IPAC2013 - List of Authors (Hillert, W.)

Paper	Title	Page
MOPFI006	A New Load Lock System for the Source of Polarised Electrons at ELSA	294
	D. Heiliger, W. Hillert, B. Neff ELSA, Bonn, Germany
	Funding: supported by DFG (SFB/TR16) The inverted source of polarized electrons at the electron stretcher accelerator ELSA routinely provides a pulsed beam with a current of 100 mA and a polarization degree of about 80%. One micro-second long pulses with 100 nC charge are produced by irradiating a GaAs strained-layer superlattice photocathode (8 mm in diameter) with laser light. Future accelerator operation requires a significantly higher beam intensity, which can be achieved by using photocathodes with sufficiently high quantum efficiency. Therefore, and in order to enhance the reliability and uptime of the source, a new extreme high-vacuum (XHV) load lock system was installed and commissioned. It consists of a loading chamber in which an atomic hydrogen source is used to remove any remaining surface oxidation, an activation chamber for heat cleaning of the photocathodes and activation with cesium and oxygen and a storage chamber in which up to five different types of photocathodes with various diameters of the emitting surface can be stored under XHV conditions. Additionally, tests of the photocathodes' properties can be performed during accelerator operation.

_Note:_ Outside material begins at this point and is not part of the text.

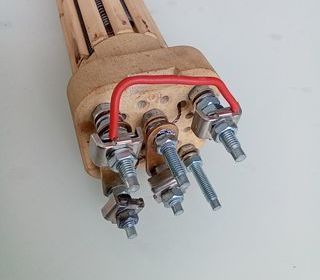 Résistance stéatite tout courant 2100W longueur 420mm Embase 60mm x 60mm Déjà montée mais le chauffe eau ayant des fuites, j'ai du acheter un chauffe eau neuf. Schéma de monta

MOPME006	The New Orbit Correction System at ELSA	479
	J.-P. Thiry, A. Balling, A. Dieckmann, F. Frommberger, W. Hillert ELSA, Bonn, Germany
	ELSA is a fast ramping stretcher ring currently supplying polarized electrons with energies up to 2.4 GeV. To preserve the degree of polarization, the vertical orbit needs to be continuously corrected during beam acceleration. The acceleration is usually performed within 300 ms, with a maximum ramping speed of 6 GeV/s. We aim to achieve a vertical rms deviation not exceeding 50 μm all along the fast energy ramp. In the near future we plan to accelerate polarized electrons up to 3.2 GeV. Therefore, both the power supplies and the corrector magnets have been currently upgraded: first, new power supplies working with a pulsed transistor H-Bridge were developed and successfully installed. Additionally, the existing vertical corrector magnets will now be replaced by newly developed ones. In our contribution, we will present the new correction hardware supplemented by the beam position monitors and their readout electronics.

MOPME007	High Resolution Synchrotron Light Analysis at ELSA	482
	S. Zander, F. Frommberger, P. Hänisch, W. Hillert, M.T. Switka ELSA, Bonn, Germany
	Funding: Funded by the DFG within the SFB/ TR 16 The Electron Stretcher Facility ELSA provides polarized electrons with energies up to 3.5 GeV for external hadron experiments. In order to suffice the need of stored beam intensities towards 200 mA, advanced beam instability studies need to be carried out. An external diagnostic beamline for synchrotron light analysis has been set up and provides the space for multiple diagnostic tools including a streak camera with time resolution of < 1 ps. Beam profile measurements are expected to identify instabilities and reveal their thresholds. The effect of adequate countermeasures is subject to analysis. The current status of the beamline development will be presented.

MOPWO005	Simulating Spin Dynamics and Depolarization using POLE	891
	J.F. Schmidt, O. Boldt, F. Frommberger, W. Hillert ELSA, Bonn, Germany
	Funding: BMBF The spin dynamics in circular accelerators with fast energy ramps, or short storage times of up to some seconds, can be investigated with spin tracking appropriately. Additionally, the spin motion of lepton beams is affected significantly by synchrotron radiation. Hence, spin dynamics simulations require spin tracking with a large number of particles to compute the beam polarization and thus take considerably long computing times. Therefore, high efficiency is crucial to perform systematic polarization studies. The new simulation tool POLE provides the ability to balance accuracy against computing time. To that end, adjustable approximations of magnetic fields and synchrotron radiation are implemented. POLE is accessible for a wide range of lepton storage rings because it uses the common MAD-X lattice files and the corresponding particle tracking results.

WEPFI006	Broad and Narrow Band Feedback Systems at ELSA	2714
	M. Schedler, F. Frommberger, P. Hänisch, W. Hillert, C. Reinsch ELSA, Bonn, Germany
	At the Electron Stretcher Facility ELSA of Bonn University, an upgrade of the maximum stored beam current from 20 mA to 200 mA is planned. The storage ring operates applying a fast energy ramp of 6 GeV/s from 1.2 GeV to 3.5 GeV. The intended upgrade is mainly limited due to the excitation of multibunch instabilities. As a countermeasure, we succesfully commissioned state-of-the-art bunch by bunch feedback systems in the longitudinal and the two transverse dimensions. In addition, a narrow band cavity based feedback system for damping the most harmful longitudinal multi bunch mode caused by a HOM of the accelerating cavities is under construction.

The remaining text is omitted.